The present study has several limitations that should be acknowledged. First, the heterogeneity within the study population, including variations in endocrine sensitivity and lines of treatment (including both first- and second-line setting), may have introduced confounding factors with a potential impact on result interpretation. Despite our efforts to mitigate this through a prospective cohort design and accepting patient referrals to increase sample size, variability remains inherent in real-world evidence studies and not all patients underwent a second blood draw. The reasons for this included disease progression before the scheduled second collection, patient refusal, and disruptions caused by the COVID-19 pandemic. Consequently, the lack of follow-up blood samples may have limited the ability to capture longitudinal changes in immune cell populations and investigate their association with treatment response. Furthermore, the relatively small cohort size may have affected the statistical power and generalizability of the study findings. These constraints, frequent in academic initiatives, underscore the need for larger, more homogeneous patient cohorts and careful data collection protocols in future studies to draw more robust conclusions.
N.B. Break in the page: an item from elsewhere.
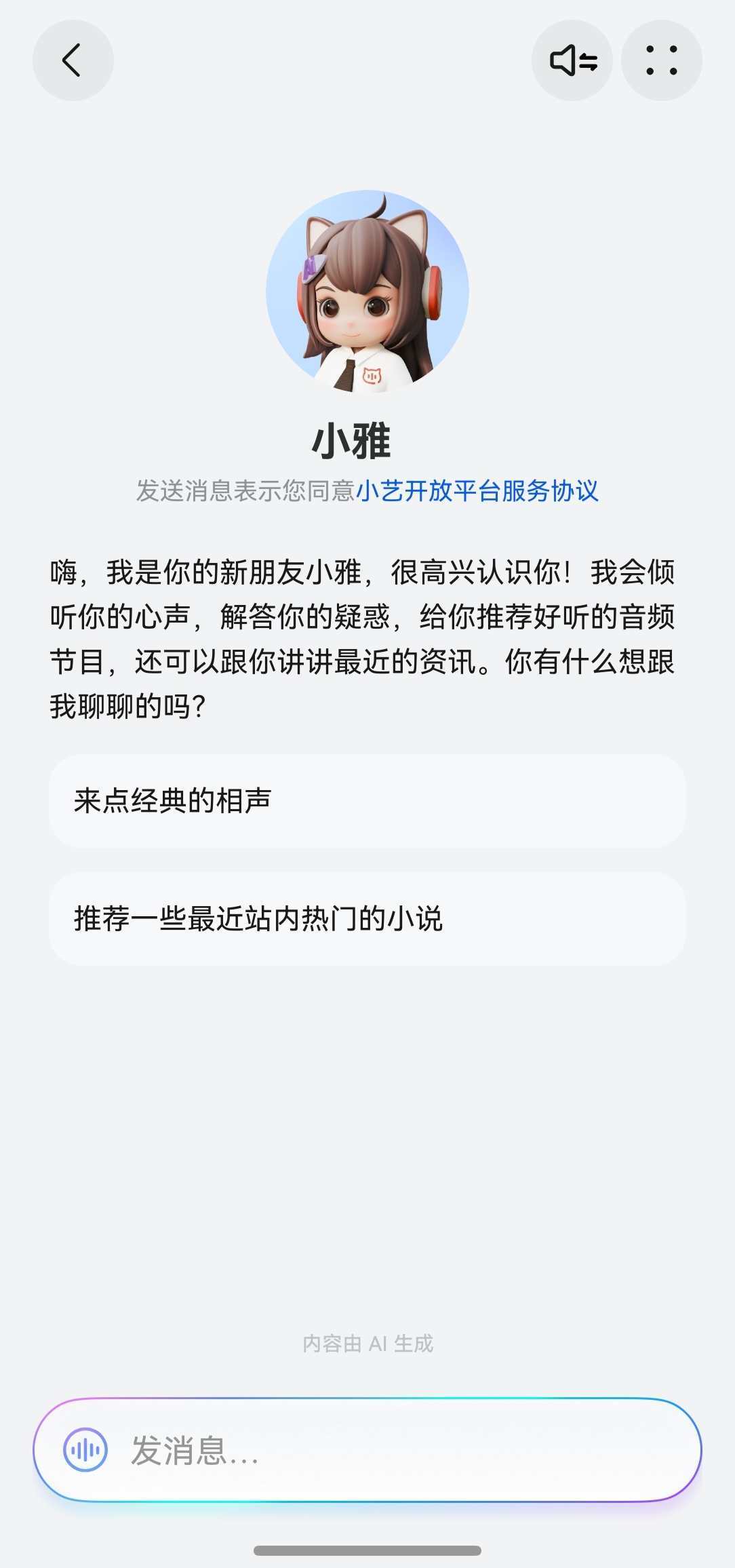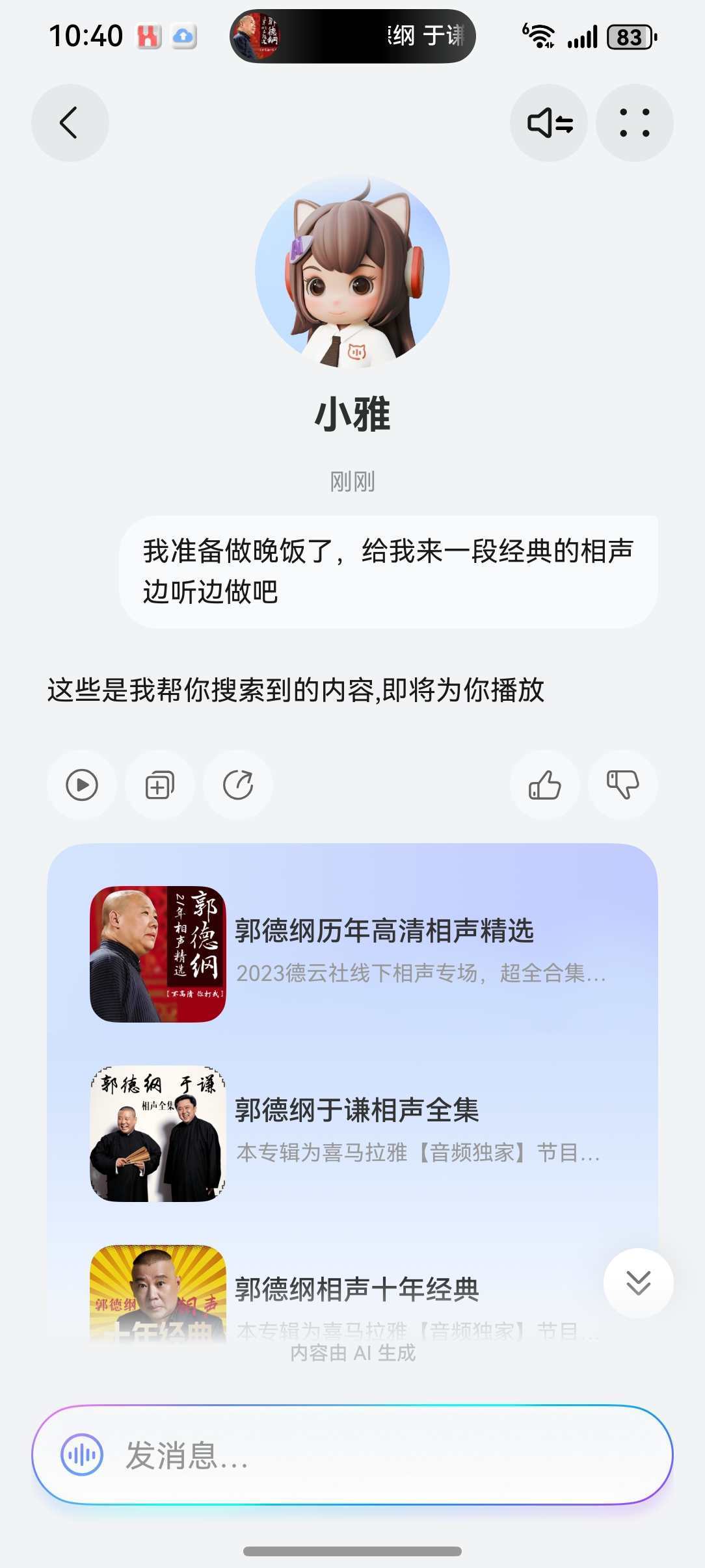 我直接说出需求:“我准备做晚饭了,给我来一段经典的相声边听边做吧。”小雅Agent立刻响应,很快推荐了好几个郭德纲的经典相声合集并开始播放。瞬间,厨房里满是谈笑声,连切菜的节奏都像踩上了段子的鼓点,心情也跟着愉悦起来。原本枯燥的备餐时间,一下变成了有滋有味的“厨房相声大会”。

In conclusion, this study provides valuable insights into the effects of CDK4/6i+ET therapy on immune cell dynamics in patients with ER+/HER2− mBC. Despite baseline heterogeneity, CDK4/6i+ET induced significant alterations in hematological parameters and immune cell subsets. The findings of this study also suggest a complex interplay between immune dysfunction and tumor dissemination, as evidenced by correlations between the presence of CTCs and specific immune cell populations.

Supplementary Materials

The following supporting information can be downloaded at: https://www.mdpi.com/article/10.3390/cells13161391/s1, Table S1: anti-human fluorescently labeled mAbs used for FACS analysis; Figure S1: FACS gating strategy; Table S2: significance of variables for the baseline characteristics; Table S3: correlation of immune cell populations with the presence of CTCs; Table S4: significance of the impact of CDK4/6i treatment on immune populations; Table S5: variation in immune cell subsets according to response to CDK4/76i.

Author Contributions

Conceptualization, S.L.-M., P.C., S.C., L.D. and L.C.; methodology, S.L.-M., P.C., S.C., L.D. and L.C.; validation, S.L.-M., P.C., S.C. and L.C.; formal analysis, S.L.-M., P.C. and M.A.; investigation, S.L.-M., P.C., A.C., S.C., C.R., P.P., C.L., P.A., J.F. and M.S.; data curation, S.L.-M. and P.C.; writing—original draft preparation, S.L.-M. and P.C.; writing—review and editing, S.L.-M., P.C., A.C., P.A., C.R., P.P., C.L., S.C., L.W.S., A.B., M.A., C.C.D., G.N.-C., R.S., C.P., L.R., C.A., S.T., A.Q., K.S., B.S.-S., L.D. and L.C.; visualization, S.L.-M., P.C., A.C., P.A., C.R., P.P., C.L., S.C., L.W.S., A.B., M.A., C.C.D., G.N.-C., R.S., C.P., L.R., C.A., S.T., A.Q., G.M., D.M., J.R., K.S., B.S.-S., L.D. and L.C.; supervision, S.C., L.D. and L.C.; project administration, S.C., L.D. and L.C.; funding acquisition, S.C., L.D. and L.C. All authors have read and agreed to the published version of the manuscript.

Funding

This research received funding from Pfizer (grant number 68611059) to SC. “La Caixa” Foundation under CaixaImpulse Grant LCF/TR/CC20/52480003 (CTC-OD) to LD; European Union through the call H2020-FETOPEN-2018-2020 in the framework of the BIOCELLPHE project (965018) to LD; the EIC Accelerator BRIGHT project (GA 190138134) to LD; and the Health From Portugal project (C630926586-00465198), supported by Component C5–Capitalisation and Business Innovation, under the Portuguese Resilience and Recovery Plan, through the NextGenerationEU Fund to LD; FCT–Fundação para a Ciência e a Tecnologia under the project UIDB/00006/2020. DOI: 10.54499/UIDB/00006/2020to MA.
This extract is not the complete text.